– Ладно. Я пошел. Жди меня здесь.
Кравиц серьезно посмотрел на меня:
– Он очень опасен.
– Знаю.
Я вылез из машины, прихватив с собой принесенную Кравицем черную сумку, и вошел во дворик. На почтовом ящике крупными печатными буквами на иврите и на английском было написано: «Семья Бухштетер». Блестящий полицейский «Форд-Сиерра» Красавчика стоял на узкой мощеной дорожке, почти полностью укрытый навесом из виноградной лозы с тяжелыми гроздьями. Неслышно шагая, я обогнул дом и по решетке кухонного окна взобрался на второй этаж. Честно говоря, это было не очень трудно. Когда я подкрался к спальне, то понял, что не стоило так уж стараться, можно было просто вышибить входную дверь. Храп Красавчика заглушил бы любую сигнализацию. Отопление работало во всю мощь, и я почувствовал, как у меня по позвоночнику побежали струйки пота. Красавчик лежал на спине, голый; белое пузо ритмично вздымалось и опускалось. Его жена спала в другой кровати, и я был бы последним, кто упрекнул ее в этом. Его форма висела на ручке двери. Я достал из внутреннего кармана пистолет, зажег свет и в два шага очутился возле его кровати. Он мгновенно проснулся и уставился на меня спокойно и оценивающе. Сволочь или нет, но он прослужил в полиции тридцать лет, и даже я не мог заподозрить его в трусости. Его жена попыталась закричать, но вышло это так неубедительно, что я даже не глянул в ее сторону.

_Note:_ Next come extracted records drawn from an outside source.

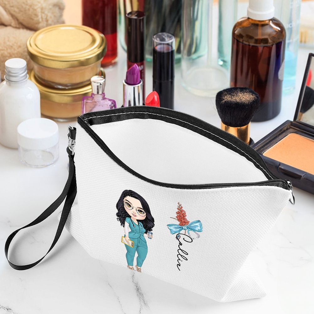 Diese Kosmetiktasche verbindet nahtlos medizinische Elemente mit stilvollen persönlichen Akzenten. Mit einer medizinischen Cartoon-Figur, einem Stethoskop, einer Geburtsblume und einer niedlichen Schleife mit einem persönlichen Namen ist sie ein auffälliges Accessoire für alle, die im Gesundheitswesen tätig sind.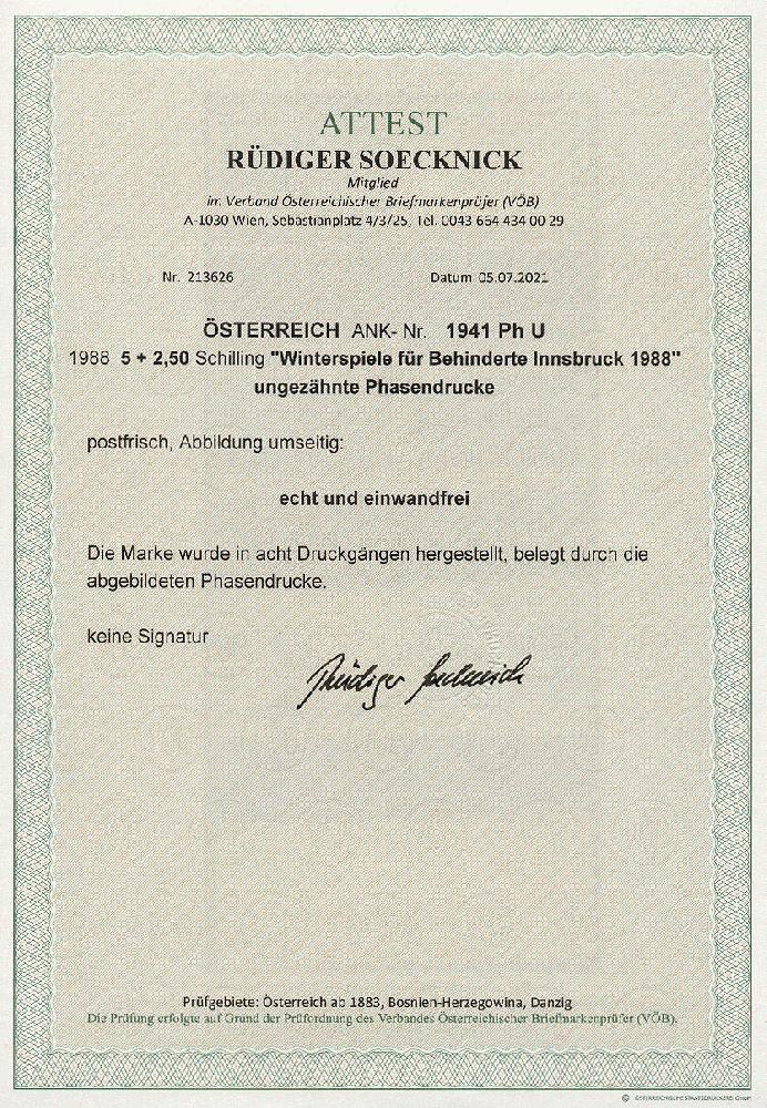 | Zusatzinformationen und Suchstichworte: | 11. Auktion Stilus Auktionstermin: 5. Juni 2022 Los 250 Österreich 2. Republik Österreich, 1988, ANK-Nr.: 1941 Ph U (Michel-Nr.: 1910), 'Winterspiele für Behinderte - Innsbruck 1988', 5 + 2,5 Schilling, ungezähnte Phasendrucke (8), postfrisch **, einwandfreie Erhaltung, Attest Soecknick VÖB Ausruf 100,00 EUR |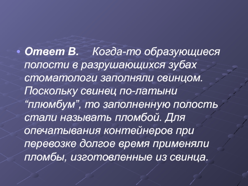 Ответ В. Когда-то образующиеся полости в разрушающихся зубах стоматологи заполняли свинцом.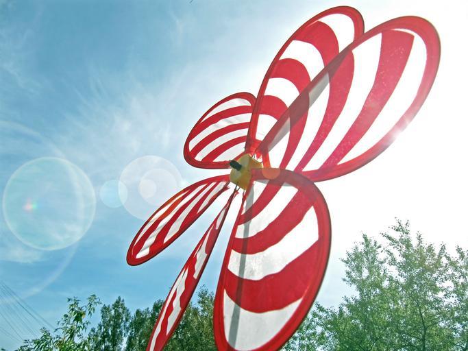 MAKE A MEME View Large Image whirligig pinwheel spinner windmill wind big plaything good fan propeller weather fine weather toy rotation rotator wind driven sunny vanes fans sunlight sunshine sun summer day blue sky soft fabric woven simple red and white motion morning ...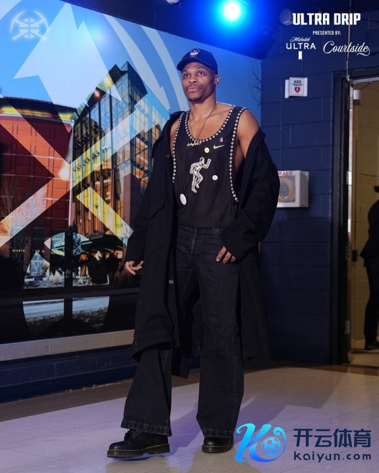 潮范儿全齐😎!威少穿玄色背心&玄色风衣半露肩帅气到场体育赛事直播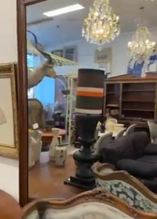 The video presents an interior scene, likely an antique store, displaying a variety of furniture and decorations. A large wooden-framed mirror occupies a significant portion of the view, reflecting the surrounding items, including a chandelier and a woman taking a photo of herself in the mirror. The mirror also reflects parts of the room, showing bookshelves, lamps, and assorted chairs. The camera pans to the right, revealing a taxidermied head of an animal, possibly an antelope or deer, mounted above a decorative cage-like structure. Below the animal head, there is a table with copper pans displayed. The environment is cluttered with various antique items, creating a sense of an eclectic and packed store.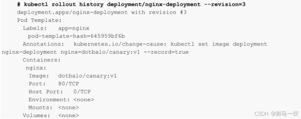 查看Deployment某次更新的详细信息,使用--revision指定某次更新的

– Закрой рот, дура, – рявкнул он и повернулся ко мне. – Чего тебе надо?
– Ничего.
– Тогда что ты здесь делаешь?
– Я пришел тебя предостеречь.
Он чуть не расхохотался.
– Предостеречь? Меня? От чего? У меня есть свидетель, готовый на куче свитков Торы высотой в километр поклясться, что ты спланировал это ограбление. А теперь ты сам добавил к этому взлом и угрозы жизни.
Я вдруг сообразил:
– С которого часа ты дома?
– Со вчерашнего дня. Я был на совещании начальников окружных управлений с министром, а оттуда вернулся прямо домой, потому что неважно себя чувствовал. Эти почки меня добьют.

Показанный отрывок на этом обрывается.